The records >>
=== Section Start ===

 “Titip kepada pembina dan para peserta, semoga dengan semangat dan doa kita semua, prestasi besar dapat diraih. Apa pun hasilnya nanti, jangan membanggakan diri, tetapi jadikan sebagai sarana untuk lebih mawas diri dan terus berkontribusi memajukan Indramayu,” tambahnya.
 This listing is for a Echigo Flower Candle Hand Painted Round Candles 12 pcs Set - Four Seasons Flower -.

=== Section End ===
=== Section Start ===

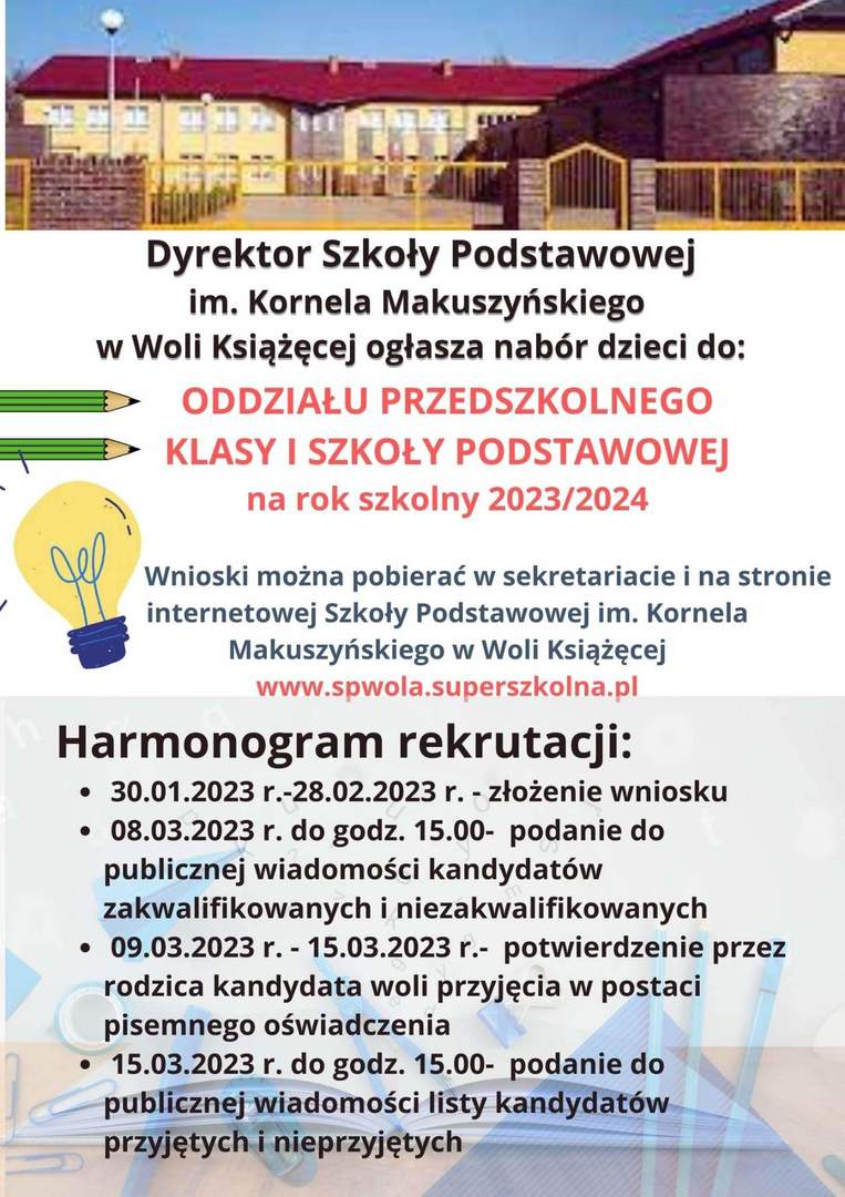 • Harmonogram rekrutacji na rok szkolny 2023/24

=== Section End ===
=== Section Start ===

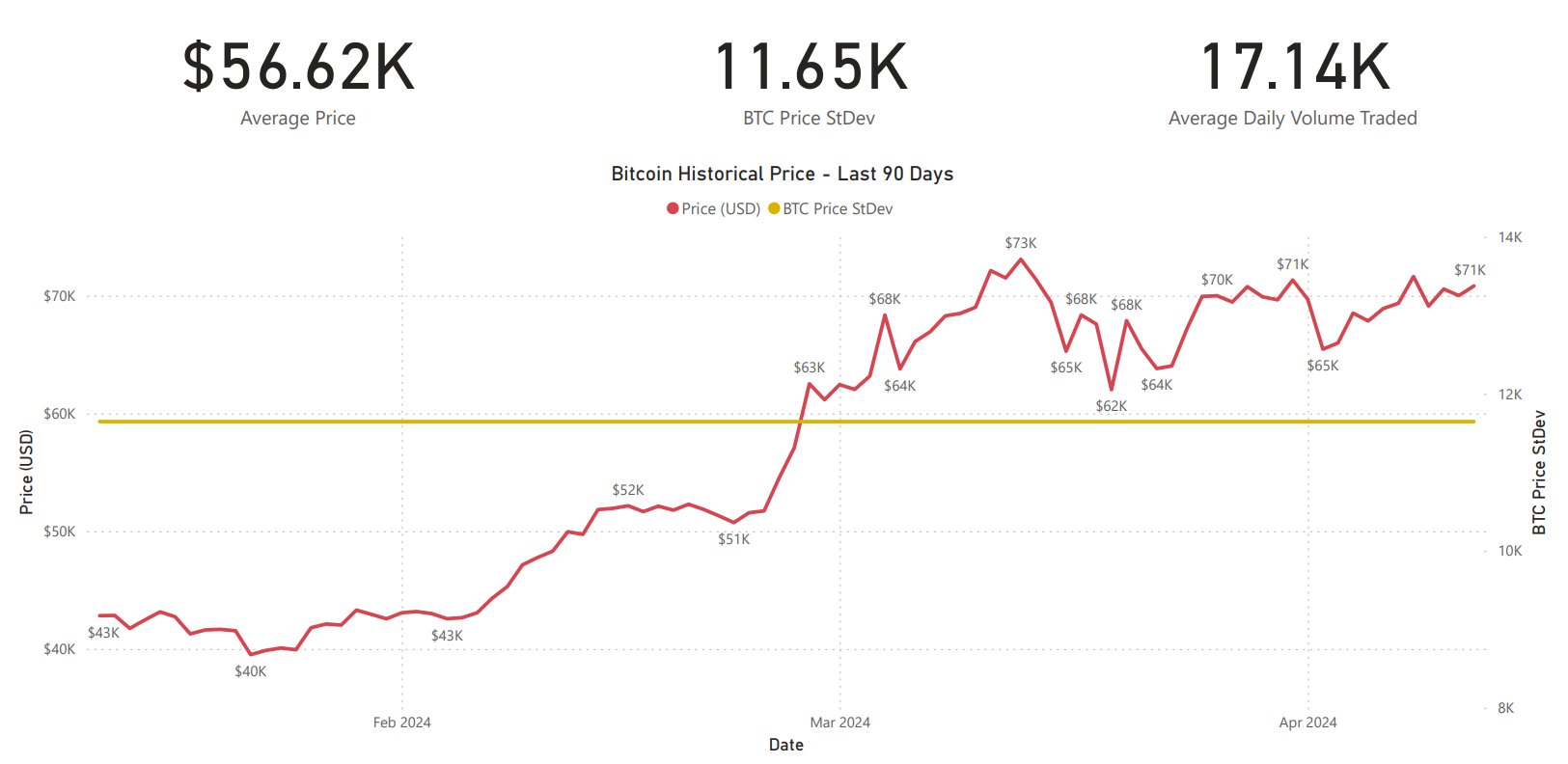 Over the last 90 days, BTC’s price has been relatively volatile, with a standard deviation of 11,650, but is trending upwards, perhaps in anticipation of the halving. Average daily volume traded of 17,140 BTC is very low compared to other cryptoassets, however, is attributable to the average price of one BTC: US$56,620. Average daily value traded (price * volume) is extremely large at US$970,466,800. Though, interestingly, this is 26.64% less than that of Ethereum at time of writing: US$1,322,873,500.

=== Section End ===

Retype exactly the lines of the data above that fall between the line with "kepada pembina dan" and the line with "This listing is", inclusive, and add nothing.

Worked solution >>
 “Titip kepada pembina dan para peserta, semoga dengan semangat dan doa kita semua, prestasi besar dapat diraih. Apa pun hasilnya nanti, jangan membanggakan diri, tetapi jadikan sebagai sarana untuk lebih mawas diri dan terus berkontribusi memajukan Indramayu,” tambahnya.
 This listing is for a Echigo Flower Candle Hand Painted Round Candles 12 pcs Set - Four Seasons Flower -.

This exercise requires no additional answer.